Material for the task.
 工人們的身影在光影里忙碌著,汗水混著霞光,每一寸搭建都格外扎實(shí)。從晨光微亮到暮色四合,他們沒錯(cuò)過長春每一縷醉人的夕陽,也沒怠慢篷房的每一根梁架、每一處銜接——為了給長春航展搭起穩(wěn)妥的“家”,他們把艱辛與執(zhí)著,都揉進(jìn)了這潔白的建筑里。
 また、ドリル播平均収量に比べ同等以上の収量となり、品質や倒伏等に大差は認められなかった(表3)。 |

* * *

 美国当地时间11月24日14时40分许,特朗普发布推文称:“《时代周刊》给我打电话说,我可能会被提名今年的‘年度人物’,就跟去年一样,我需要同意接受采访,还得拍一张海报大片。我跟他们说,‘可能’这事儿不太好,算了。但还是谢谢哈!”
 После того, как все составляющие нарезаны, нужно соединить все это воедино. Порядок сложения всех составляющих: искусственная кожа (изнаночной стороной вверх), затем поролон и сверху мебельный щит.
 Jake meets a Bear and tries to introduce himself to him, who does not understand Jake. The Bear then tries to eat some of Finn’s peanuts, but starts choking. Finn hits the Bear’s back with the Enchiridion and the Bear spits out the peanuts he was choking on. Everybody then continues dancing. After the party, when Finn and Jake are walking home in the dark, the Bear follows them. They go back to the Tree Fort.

==

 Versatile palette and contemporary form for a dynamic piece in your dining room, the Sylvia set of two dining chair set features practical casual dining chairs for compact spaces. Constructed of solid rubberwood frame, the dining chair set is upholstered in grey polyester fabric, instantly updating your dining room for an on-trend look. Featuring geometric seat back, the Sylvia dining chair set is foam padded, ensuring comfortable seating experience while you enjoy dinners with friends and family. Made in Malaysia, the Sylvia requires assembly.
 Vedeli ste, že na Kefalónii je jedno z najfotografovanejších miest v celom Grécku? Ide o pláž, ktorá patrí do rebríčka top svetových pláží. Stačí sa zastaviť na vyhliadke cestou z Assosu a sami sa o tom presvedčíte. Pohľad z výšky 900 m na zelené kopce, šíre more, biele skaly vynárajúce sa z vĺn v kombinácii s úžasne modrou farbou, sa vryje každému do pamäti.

Exercise aim. Using the entries above, extract exactly the span from the line with "После того, как" to the line with "Jake meets a", both lines included; leave out everything else.

Task output.
 После того, как все составляющие нарезаны, нужно соединить все это воедино. Порядок сложения всех составляющих: искусственная кожа (изнаночной стороной вверх), затем поролон и сверху мебельный щит.
 Jake meets a Bear and tries to introduce himself to him, who does not understand Jake. The Bear then tries to eat some of Finn’s peanuts, but starts choking. Finn hits the Bear’s back with the Enchiridion and the Bear spits out the peanuts he was choking on. Everybody then continues dancing. After the party, when Finn and Jake are walking home in the dark, the Bear follows them. They go back to the Tree Fort.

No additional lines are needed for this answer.